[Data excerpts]
──────

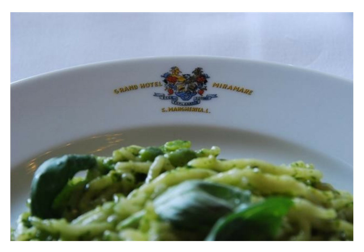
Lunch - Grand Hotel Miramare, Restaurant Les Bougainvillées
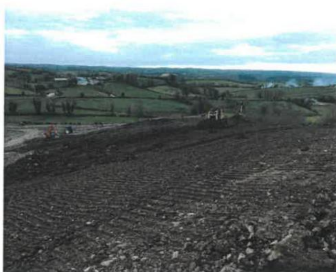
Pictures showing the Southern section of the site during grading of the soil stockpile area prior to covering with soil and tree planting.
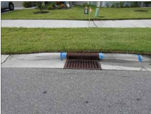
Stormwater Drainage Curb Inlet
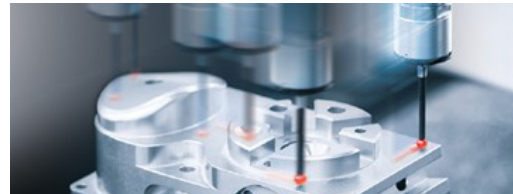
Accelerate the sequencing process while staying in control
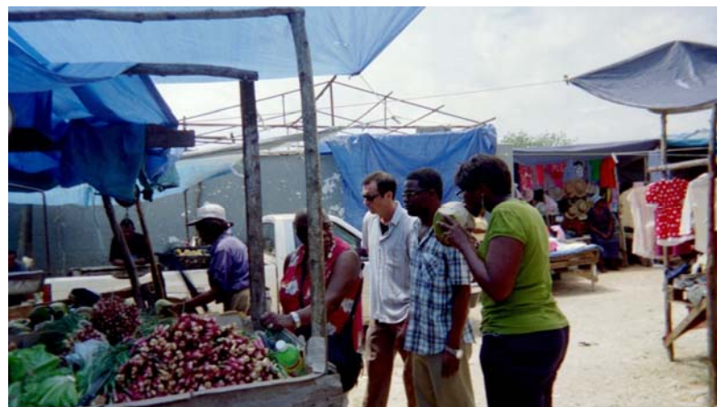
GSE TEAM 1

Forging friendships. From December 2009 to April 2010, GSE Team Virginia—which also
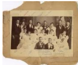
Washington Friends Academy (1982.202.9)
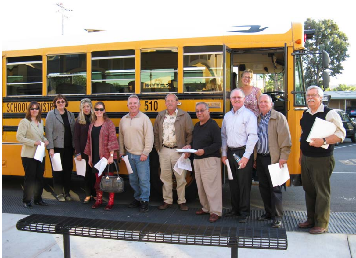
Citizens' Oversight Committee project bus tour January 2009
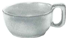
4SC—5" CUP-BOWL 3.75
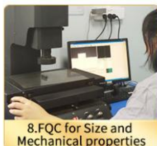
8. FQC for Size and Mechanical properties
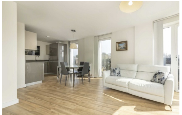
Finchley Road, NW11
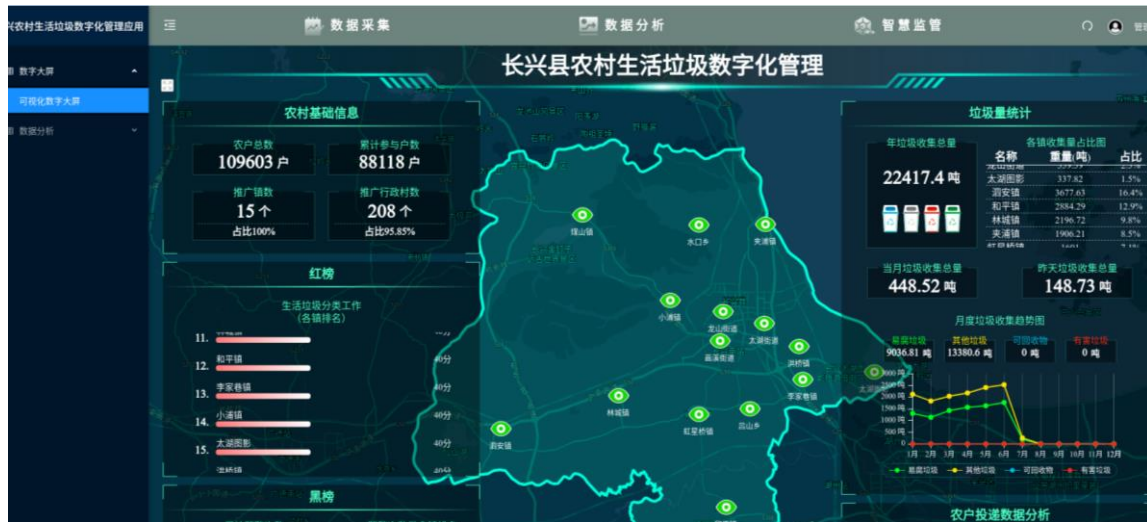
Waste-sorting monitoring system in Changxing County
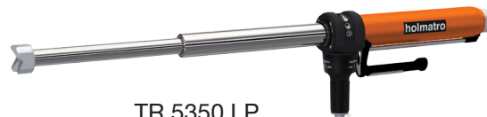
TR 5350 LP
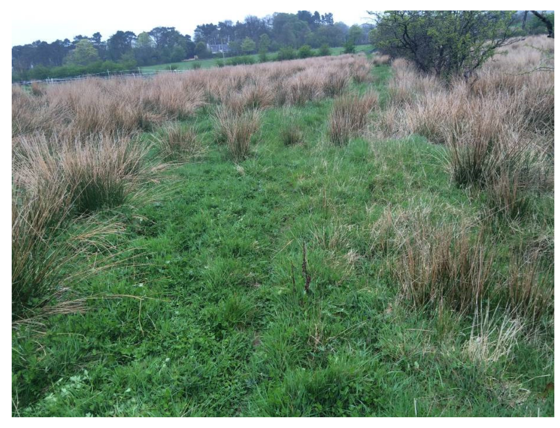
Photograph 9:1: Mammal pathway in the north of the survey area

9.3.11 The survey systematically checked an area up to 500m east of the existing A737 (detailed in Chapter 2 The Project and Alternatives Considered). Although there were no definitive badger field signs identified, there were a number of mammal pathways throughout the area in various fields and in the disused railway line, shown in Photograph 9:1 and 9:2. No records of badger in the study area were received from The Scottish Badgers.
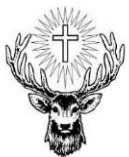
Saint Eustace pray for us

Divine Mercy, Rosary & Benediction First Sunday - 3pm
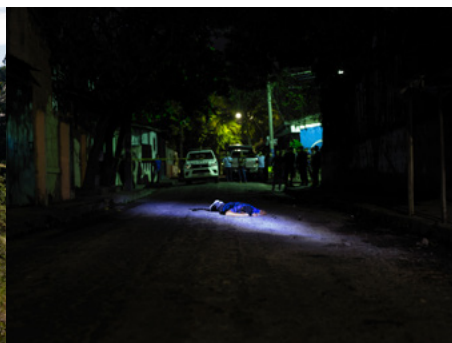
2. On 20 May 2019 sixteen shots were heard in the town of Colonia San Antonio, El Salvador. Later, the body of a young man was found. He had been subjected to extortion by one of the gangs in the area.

──────

| DIRECTIONS FOR THIS TASK |
If a line above holds the string "survey", copy it out.

| EXPECTED ANSWER |
Photograph 9:1: Mammal pathway in the north of the survey area
9.3.11 The survey systematically checked an area up to 500m east of the existing A737 (detailed in Chapter 2 The Project and Alternatives Considered). Although there were no definitive badger field signs identified, there were a number of mammal pathways throughout the area in various fields and in the disused railway line, shown in Photograph 9:1 and 9:2. No records of badger in the study area were received from The Scottish Badgers.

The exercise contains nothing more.